Resurgence: Pohang Take a Chance

Although Lim’s time at Suwon will be not be remembered fondly by anyone involved, there were hints at the end of his Bluewings career that he still had something to offer. After being given an unexpected run of games in Suwon’s charge to the ACL quarter finals, 32 year-old Lim scored twice in four days, against Vissel Kobe and Guangzhou FC. 

It was surely this glimpse of form that led Pohang to recruit the veteran as they looked to fill the void left by departing stars Stanislav Iljutcenko and Aleksandar Palocevic. It seemed a desperate gamble at the time, but the move has paid dividends for all. 

 

Lim Sang-hyub, at 33 years old, is currently enjoying the most prolific season of his career. Song Min-kyu’s departure to Jeonbuk has left Pohang seriously short of goal threats in the second half of this season, and Lim’s form has been an unexpected saving grace for them. Lim has 10 goals in the league – no other player in the squad has more than three – while a brace in the ACL quarter-final win over Nagoya Grampus took him to 15 goals for the season in all competitions. 

According to Soccerway, Lim has averaged a goal every 155 minutes this year – a record comparable with the likes of Iljutcenko, Lars Veldwijk, and Joo Min-kyu, all out-and-out strikers who also are also on penalty duty. 

 

A Poaching Winger

Although the influence of wingers tends to decrease as they enter their thirties, Lim Sang-hyub’s greatest assets were never his pace or work rate. Despite playing for the majority of his career on the left wing, Lim is just as much of a goal poacher as he is a traditional winger. 

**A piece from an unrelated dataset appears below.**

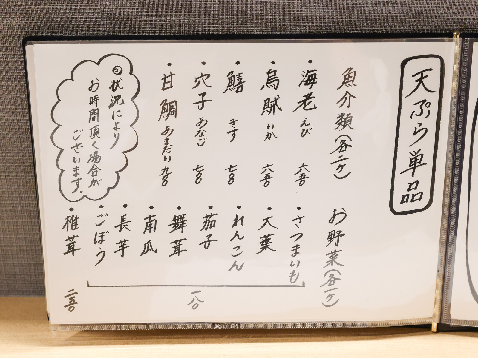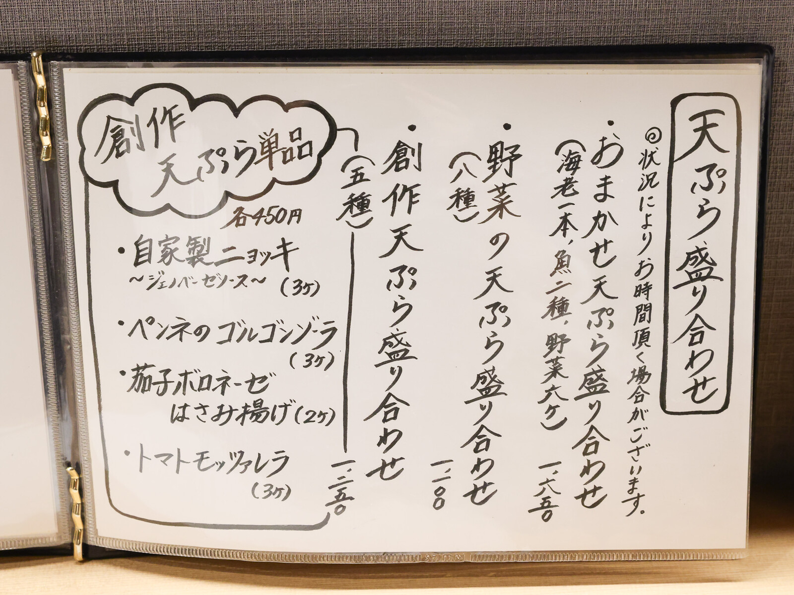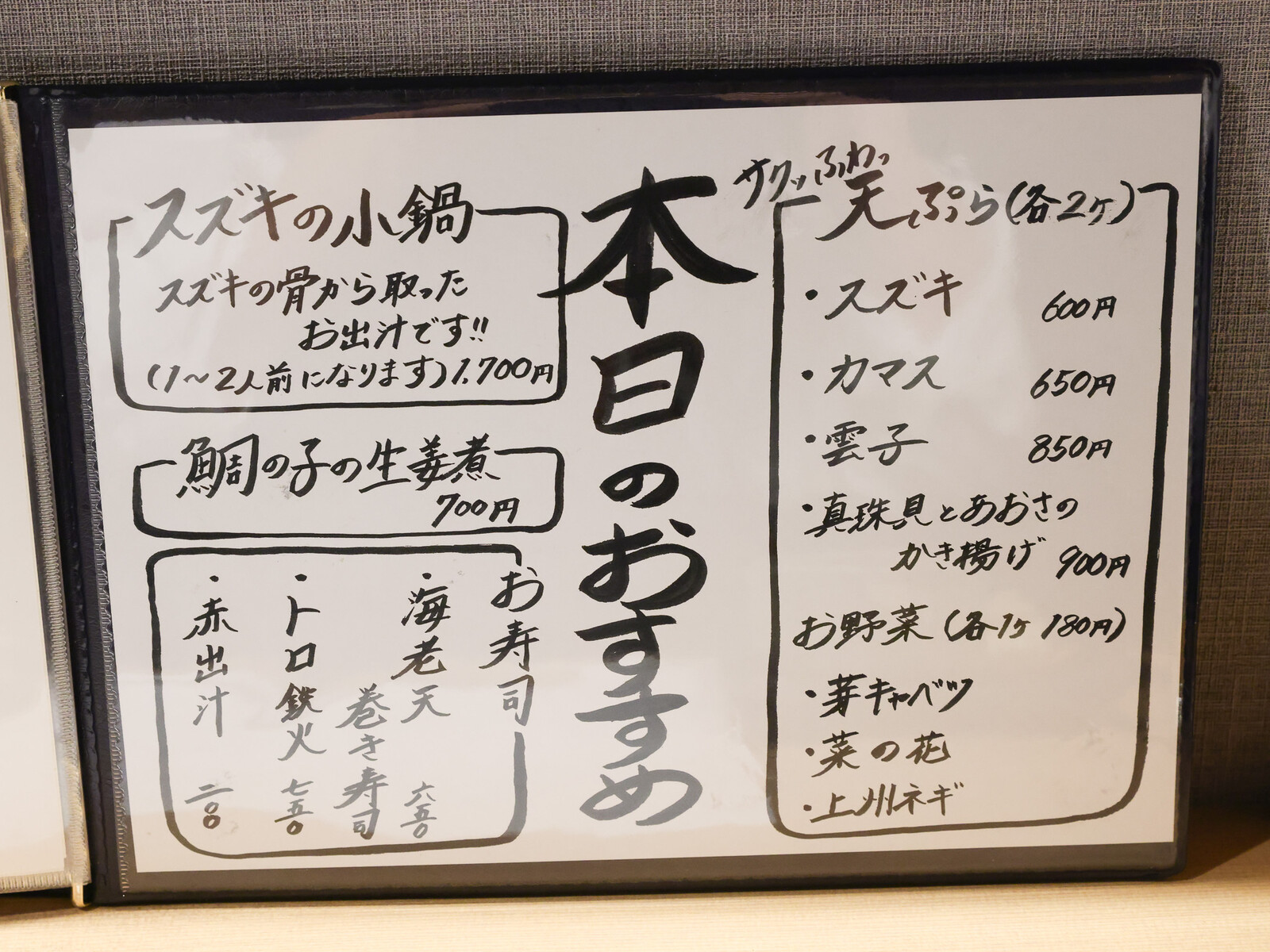 どれも美味しいですが、今回ご紹介するのは、本日のおすすめの天ぷらにある「真珠貝とあおさのかき揚げ」

While he still aims to cut inside off the left flank and shoot with his favoured right foot, in his veteran years he is ever more reliant on a poaching instinct cultivated since his early years with Busan. Lim doesn’t influence games massively – he can go missing for long periods, and at 33 his pace and dribbling won’t strike fear in the heart of full backs. He is, however, a master fox in the box, and that instinct has been vital for Pohang this year. 

It speaks volumes that despite playing for most of his career on the wing at average teams, Lim is right up there in the all-time K League scoring charts. 


Of the players still active in the K League, Lim is sixth in the all-time scoring chart, hot on the heels of K League legends Park Chu-young and Lee Keun-ho. And, after surpassing all expectations this season, this will surely not be Lim’s last in the top tier. 

This career resurgence may not rewrite any history books, but if Pohang are to defy expectations and make their first ACL Final appearance since 2009, expect Lim Sang-hyub’s name to be among the headlines. Coming to the end of a long career in Korean football, Lim might just be making a case to be remembered as something more than a better-than-average winger of the early 2010s – he might instead be remembered as one of the K League’s most underrated goalscorers.